On May 13, 1876, five African-American men were selected by the public safety board of Indianapolis to be appointed to the police force.
This was a pilot program of sorts, to see how African-Americans could integrate into the police department. These men did well on the Indianapolis Police Department and paved the way for more minority hiring.
During Black History Month February 2015, the Indianapolis Metropolitan Police Department unveiled its first historical exhibit dedicated to the achievements of the African-Americans who have worn its uniform proudly. The exhibit which highlights these pioneers was dedicated by Chief Rick Hite in a special ceremony.

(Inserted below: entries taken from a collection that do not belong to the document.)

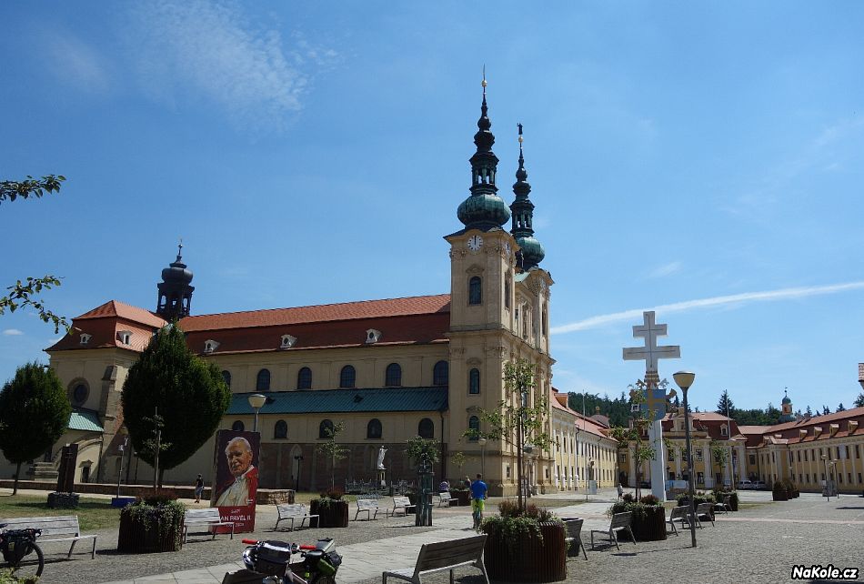 Když pominu stále trvající vedra, začal dnešek příjemně. Ráno jsme měly poměrně brzy sbaleno, stihly jsme i promazat kola (a vyloudit u paní ubytovatelky nový hadr na jejich utření) a vyjet chvilku před devátou. Asi 5 km se mírně stoupavá cesta zdála příjemná, ale za přístřeškem pod Malou Dřínovou se to změnilo. Na cestě se zvedl sklon a na štěrkem vysypané lesňačce to začalo podkluzovat - musely jsme tlačit. Marně jsme se těšily, že od vrcholu pojedeme. Cesta dolů byla vymletá úvozová cesta s kořeny, takže jsme i dolů k řece kola vedly. Další cesta do Veverské Bítýšky už byla v pohodě - a s bonusem: našla jsem otevřený cykloservis, kde mi pán seřídil řazení. A dobře - vydrželo bezchybně fungovat celý zbytek cesty i popojíždění doma. Čekaly jsme asi 90 minut u kávy a dortíku (Líba) a u zmrzliny (to je zase moje parketa). Dalším cílem byl hrad a zámek Veveří. Bohužel, na prohlídku jsme už neměly čas, IC s razítky bylo na nádvoří, kam nás bez zaplacení vstupného nepustili. Tak nic, jedeme dál. Naobědvaly jsme se v areálu přístaviště u Brněnské přehrady, potom přejely hráz a přes Kuřim, Lelekovice dojely do Vranova k paulánskému klášteru a kostelu se zvonkohrou. Protože byl podvečer, bylo místo téměř prázdné, z ochozu byl krásný výhled do kraje, a tak jsme se tu zdržely. Následoval pěkný 6 km sjezd, kousek po rovince a byly jsme v Blansku. Večer ještě pěší výlet do města (tedy hlavně do hospody na večeři) a pak spát.
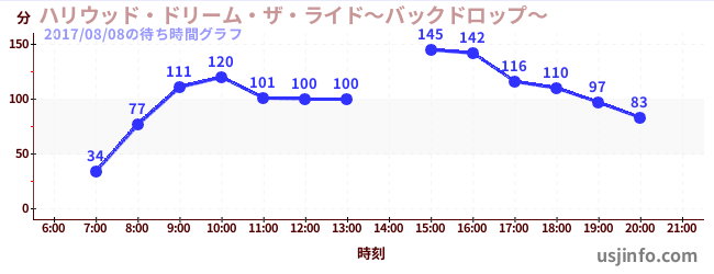 • ハリウッド・ドリーム・ザ・ライド〜バックドロップ〜$B$N(B2017年08月08日の待ち時間
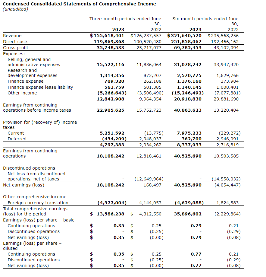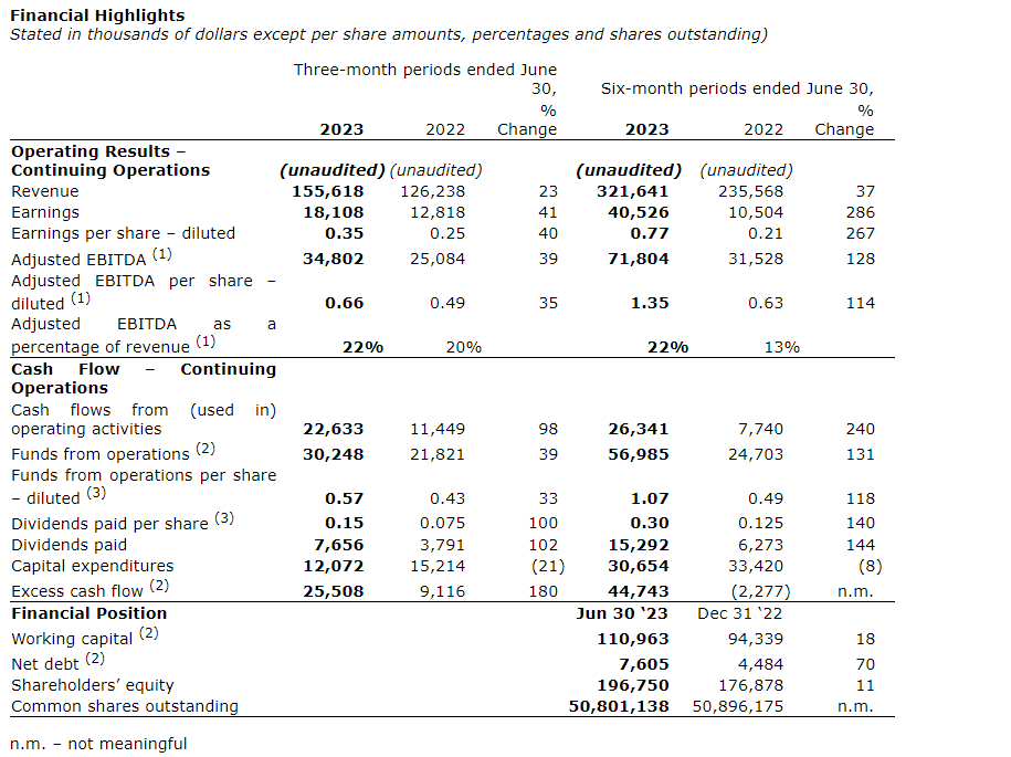 Earnings from continuing operations and adjusted EBITDA (earnings before interest, taxes, depreciation and amortization) generated in the 2023 quarter are the best second quarter results in the corporation's history. For the three-month period ended June 30, 2023, earnings from continuing operations increased to $18.1-million from $12.8-million in the comparable 2022 period, an increase of 41 per cent. Adjusted EBITDA from continuing operations increased to $34.8-million (22 per cent of revenue) which is 39 per cent higher than the adjusted EBITDA reported in the same 2022 period of $25.1-million (20 per cent of revenue). Included in the 2023 three-month period adjusted EBITDA from continuing operations is cash-settled share-based compensation expense of $2.6-million (2022 -- $700,000). For the three-month period ended June 30, 2023, excluding cash-settled share-based compensation expense, adjusted EBITDA from continuing operations is $37.4-million, 24 per cent of consolidated revenue (2022 -- $25.8-million).

This exhibit is now on display through the end of March, from 9 a.m. to 5:00 p.m., free to the public, on the first floor of the east wing of the City-County Building, 200 E. Washington Street. A plaque dedicated to Officer Carter Temple Jr., one of those first five men hired in 1876, was unveiled during the ceremony, which was attended by his great-grandchildren, Cecelia Ann Boler and Reginald Temple.
Boler gave a moving speech about her ancestor’s life as a freed slave, a Union Army Corporal and as an IPD officer. Officer Temple walked a beat for many years with a partner, Benjamin Thornton. In 1885, Benjamin Thornton was promoted to Detective, the only African-American detective the Indianapolis Police Department had until 1918. He became a legend, not just in Indianapolis, but throughout the United States. He solved several murders and numerous other crimes through his detective work. He was credited with sending over 400 criminals to the penitentiary. Another officer honored in the exhibit was the late Maria (Legg) McElroy (1929-1989). In 1953 she was the first African-American woman to attend the School Sisters of Notre Dame in Milwaukee, Wisconsin. She was a novice Nun but gave up her habit to join the Indianapolis Police Department in 1956. She left the department in 1969 to use her college degree to teach disabled children.
Among the visitors to the Black History Month exhibit was her daughter Marianna Fall, who drove from Cincinnati, Ohio with her son Khadim. Marianna, a school teacher herself, knew very little about her mother’s police career and found the exhibit educational and also moving. There are over 30 police officers honored in the exhibit, such as “Jack” Hadley (1895-1969), a 40-year veteran, who walked a beat in the toughest neighborhoods in town, Spurgeon Davenport (1911-2003), a fine detective who rose through the ranks to Inspector in 1966 and Deborah L. Saunders, who became Assistant Chief in 1999, the highest ranking African-American policewoman in IPD history. This exhibit is sponsored by the Indianapolis Police Foundation, an organization dedicated to the preservation of the history of IPD, IMPD and MCSD.